The STS shells reload with a bit less effort on the downstroke (MEC 9000.) I don't keep track of number of reloads on my shells, just throw away when they start splitting.
The Clay and Field shells are my favorite - easy pick up and smooth like the STS.
 
#5 ·
IMHO - For Reloading STS are great, Gun Clubs are very good. Main difference is Gun Clubs have steel bases. That can be a problem in some circumstances.

As factory ammo, STS has harder, more uniform shot. That means they usually pattern tighter than Gun Clubs. Tighter can be better in some applications, e.g. long yardage trap and long shots in sporting, and irrelevant in other applications, e.g. skeet.

I shoot skeet and non-competition sporting. To me STS are not worth paying a premium.
 
#6 ·
i have a mec9000(used to be my grandfathers). Not sure if that matters but will try both the new Win AA HS hulls and Rem STS to see what it likes to eat best.
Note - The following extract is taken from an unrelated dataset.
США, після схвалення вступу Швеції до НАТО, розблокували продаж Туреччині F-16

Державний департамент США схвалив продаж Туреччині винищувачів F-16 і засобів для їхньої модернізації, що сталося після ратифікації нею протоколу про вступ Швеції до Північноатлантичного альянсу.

Might try snagging some Rem GC's next time i am out shooting but the garbage cans always seem to be filled with Fiocchi or Federals.
 
#27 ·
I have a MEC 9000... I reload both the old style AA's, new style AA's, and STS. I used to reload GC's, but stopped recently

For me, the MEC 9000 loves those AA's, old style or new style... doesn't matter. Never a hiccup with those with winchester or cheddite primers. Newer style AA's require a little more pre-crimp

With STS's and GC's, I have had an occasional issue seating primers when the remington hull is once fired. One or two out of every 50 once fired ones will not seat the primer fully using the same settings I use for the AA's Second or third time around, easy peasy. Its not bad, but it will bind up the machine on occasion on the once fired ones. There are ways to deal with that up front.
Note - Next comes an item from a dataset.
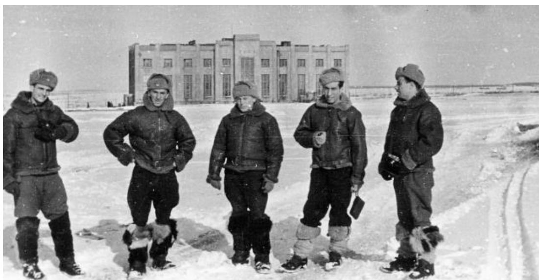
Советские пехотинцы ведут бой на улице Венёва. Тульская область.

But never had to deal with that seating issue on winchester hulls. Some guys never have this issue, but I will get it sometimes on the first reload.
 
#8 ·
As you probably already know, the STS is a brass base hull, and the Gun Club is a steel base hull. With a Mec 9000 collet resizer the steel bases are not a problem at all.

I reload both styles and have torture tested both with the recipes that I run.
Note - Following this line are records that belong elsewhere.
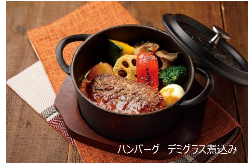
ハンバーグ デミグラス煮込み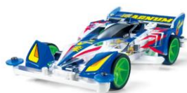
mini4WD Limited Edition

Nuova versione per il Veicolo Light Armored di difesa utilizzato dalle Forze Giapponesi. Il kit include nuove parti per i telai finestre, figura autista della recente uniforme JGSDF, portapacchi posteriore, antenne e decal.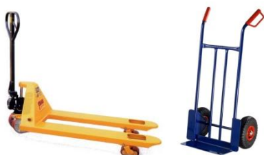
Slika 5: Ručni paletar i transportna kolica

Ručni paletar je alat koji se koristi za premještanje i podizanje kako paleta po kojima je i dobio ime, tako i ostalih teških predmeta koji nisu paletizirani. Najosnovniji je oblik viljuškara i namijenjen je za kretanje paleta unutar skladišnog prostora – magacina. Transportna kolica omogućavaju lako i jednostavno prenošenje robe poput kutija, sanduka, bačvi i vreća. Elastičnom se trakom može obuhvatiti svaki teret, neovisno o obliku i težini te optimalno pričvrstiti na kolica.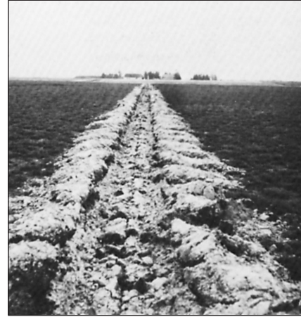
Hedeplojning til plantning.

Ved hedens kultivering er der løst en opgave, som både kulturelt og produktionsmæssigt er af overordentlig række vidde. Danmark er virkelig derved blevet større og rigere. Opgavens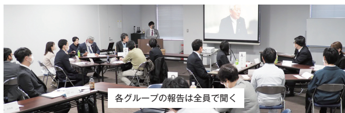
各グループの報告は全員で聞く

With STS hulls I can reload them 15 times with almost zero hull failures. With Gun Club hulls that number falls to 10.

If you're willing to cull out failed hulls along the way you certainly can go beyond my numbers with either of them. It's just my preference to use those numbers above, and then toss the entire batch.
 
#9 ·
Thanks for those numbers and I will still inspect the STS hulls as i approach 15 reloads on them. I have an old 15lb powder keg(IMR HI Skor 700x..net weight 12lbs), a 5lb can of IMR HI-Skor 700X and 5lb metal can of IMR SR 7625 (discontinued now) but appears has a lower pressure than the 700x after looking at some old recipes. Have about 750 of the red color WA12R wads(i think i used these for "porch" loads and 500 Western WT12 orange wads for the trap shooting i was doing. 3000 Win 209 primers but zero hulls!!!!...lol(besides the 100 i just shot this past weekend). The Mec 9000 my grandfather had an adjustable/universal charge bar in it so going to try to get it all set up over the next week or two while I stockpile my used hulls after some weekend time at the gun club(as much as allowed by the wife..lol)
 
#11 ·
In my experience I like the remington compression formed hulls of all kinds, green GC, teal GC, the black ones I think may be labeled H/V, the translucent green field and clay and the sts, they all seem to load the same for me, maybe some variation on how the crimp looks but the same otherwise. I use CF Remingtons for my hunting loads and I inherited well over 1000 AACF hulls from my grandpa and his trap shooting days.
 
#12 ·
I believe the STS shells are more consistent with respect to internal volume. I've loaded GCs which were trimmed to length many times yet there were always variation in the crimps with some having a swirl and some having a hole. With untrimmed STS, the crimps were much more consistent so I can assume that the difference is in the internal volume.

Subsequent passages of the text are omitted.